In each of their broadcasts, they talk to different authors and people from the literary world in search of curiosities, similarities and differences, but without falling into stereotypes. Theirs is a journey full of curiosity and new concerns about contemporary Spanish and German literature in order to reach the Frankfurt Book Fair without dying in the mainstream.
Sturm Herreros and Drang Nanclares, tanto monta, monta tanto, invite us to join them in the recording of the fourth instalment of their podcast, to be broadcast on 25 February. They are joined in the studio by Peruvian writer and journalist Gabriela Wiener, and today it’s time to talk about La resaca colonial. It’s been several months in the making.

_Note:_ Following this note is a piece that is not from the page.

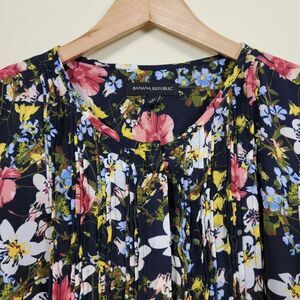 Banana Republic Floral Blouse Womans Size M Black Multi Relaxed Fit

It all began when the Goethe-Institut proposed to them, as leading figures in the world of literature, to do a podcast to celebrate this very special edition of the Frankfurt Book Fair.
“We wanted the theme for this adventure to be something very popular in Spanish culture, like the song by Mecano, so that we could reach people. The Frankfurt Book Fair is well known and recognised in the professional sphere – publishers, writers, agents… -, but we also want it to become so among the general public”, explains Nanclares. “But we avoid the classics. We don’t want to talk about the clichés that everyone knows about Germany,” adds Herreros de Tejada.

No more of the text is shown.